Singular tests are similar to the generic tests except for these, are one case scenarios. And to set these up within your dbt project demo file, you’ll need to set up your test paths. So here, I just use the default, which is test, but you can name it whatever you want. And then you write your SQL query to return failing rows, and you save it as a SQL file within that directory.

So in this example, we have our shipped quantity and our received quantity, and we’re checking whether or not they match. If they don’t match, we want to be notified so that we can take care of that ASAP.

Source freshness. This is the acceptable amount of time between the most recent record and now for your table to be considered fresh.

So within your [00:15:00] sources YAML file, you set it up just as you normally would with your database schema, but then you can add this freshness. And you can set up the warn after and you can also set up an air after. You don’t have to do both. And then the next thing you want to do is you want to set up your loaded app field.

So what dbt does is it’s going to take the max value of this column and check if it’s a fresh within the last day. One thing to keep in mind is that this is high-key and that if you set it up this sources level, it’s going to check all of the tables that you’ve listed below for this freshness check.
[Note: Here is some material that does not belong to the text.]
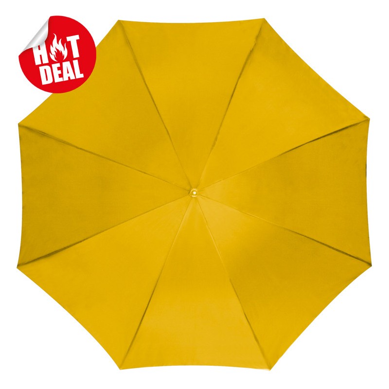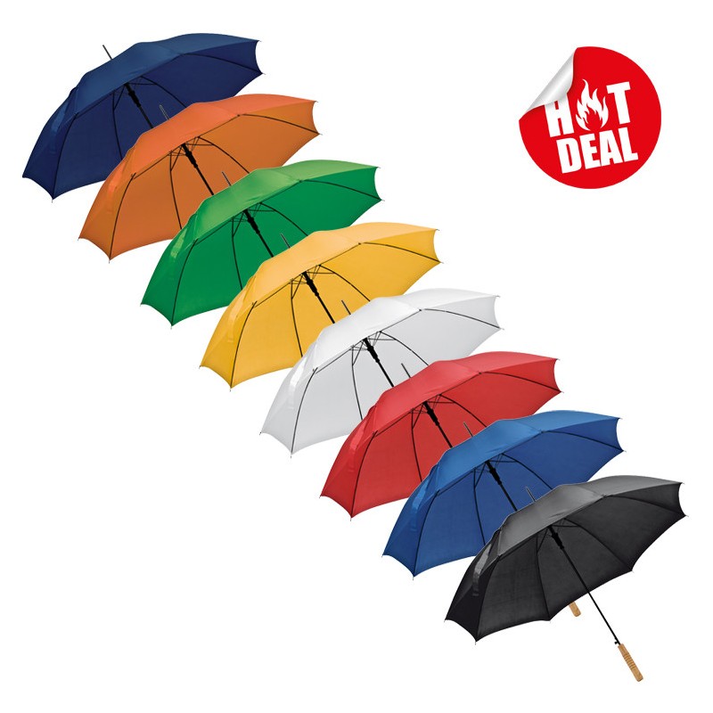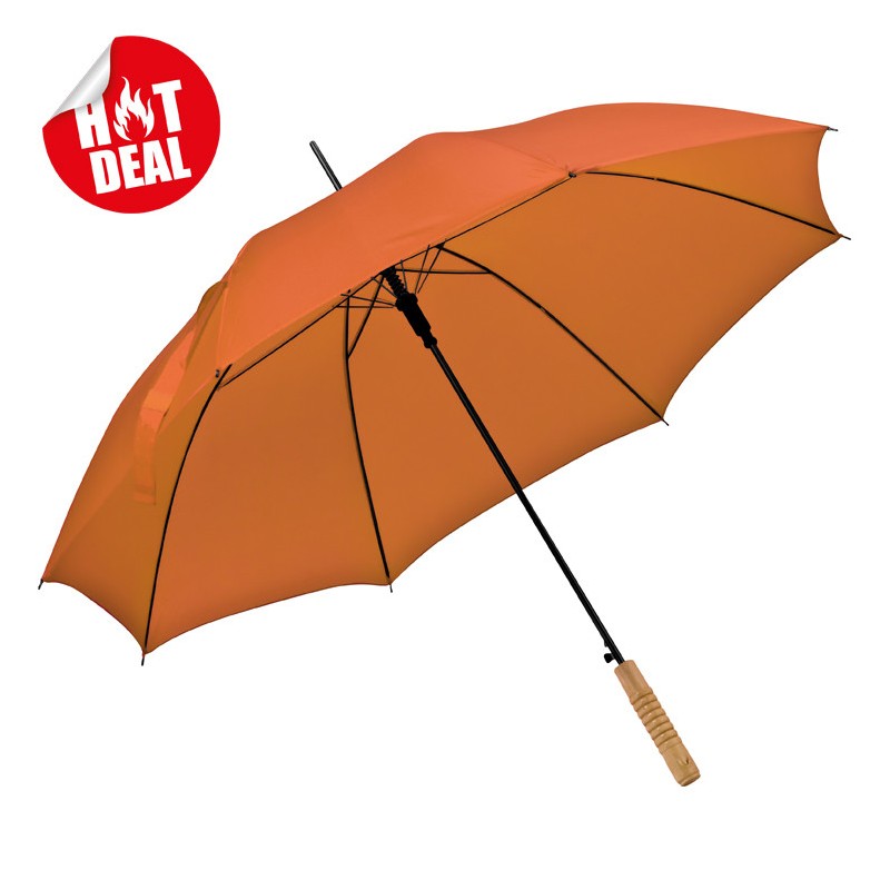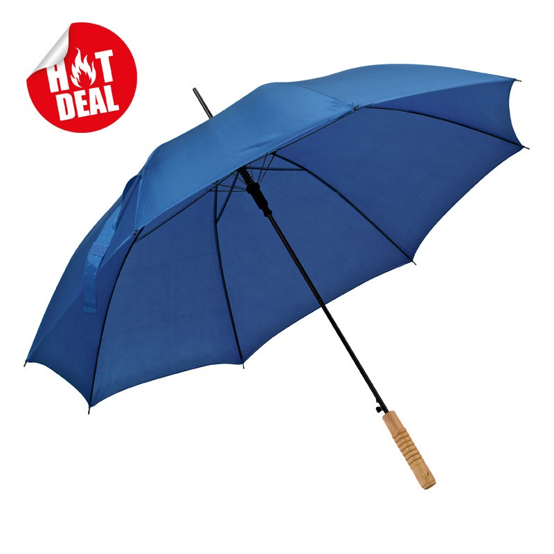 Flotte automatiske paraplyer med logo. 100cm Ø x 83cm, Træhåndtag og metal skaft.

Now you probably don’t have every single source that’s going to be refreshed on a daily cadence. So you can actually override that table by table using these same parameters. When you run a source freshness check, it’s going to run the SQL queries for you in your database. So it’s going to pull the max of whatever column you put in that parameter, and then it’s going to compare it to the current time.[00:16:00]

So exposures. As promised, these define and describe your downstream use of your dbt projects, such as your dashboard application, or even a data science pipeline. So here we have an exposure. I have set up an application of Looker. We have the type of application, and then I set up a date, a dashboard. So ABC tests, like we saw on our actual Looker dashboard and you just specify the type and what it depends on.

So dim customer effect order and our sources, orders and customers. Now we can visualize from source to dashboard. So if you’re familiar with DAG and dbt, if you set up your sources they will show up as green. So here we have our Jaffle shop customers and orders. We have our light transformation of stage customer and orders, and then our fact and dim tables all being consumed by our ABC test dashboard.[00:17:00]

[00:17:03] Using dbt artifacts #

[00:17:03] Angie Brown: So now that we’ve implemented the building blocks to create our meta metadata dashboard with tests, source, freshness, and exposures, how do we get the data into dim and fact tables to then create our own dashboard? With every invocation, dbt generates and saves one or more artifacts as JSON files. We’re going to go over the manifest, the run results and the sources, JSON files.

So first is the manifest file. This is a full representation of your dbt project. So it’s going to have your models, your tests, and your exposures over here. I have an example. So in your manifest, you’ll be able to get your job ID, you’ll get your generated act date. And then all of the nodes thereof. One thing to keep in mind is your manifest file will be created and it will replace the previous manifest file.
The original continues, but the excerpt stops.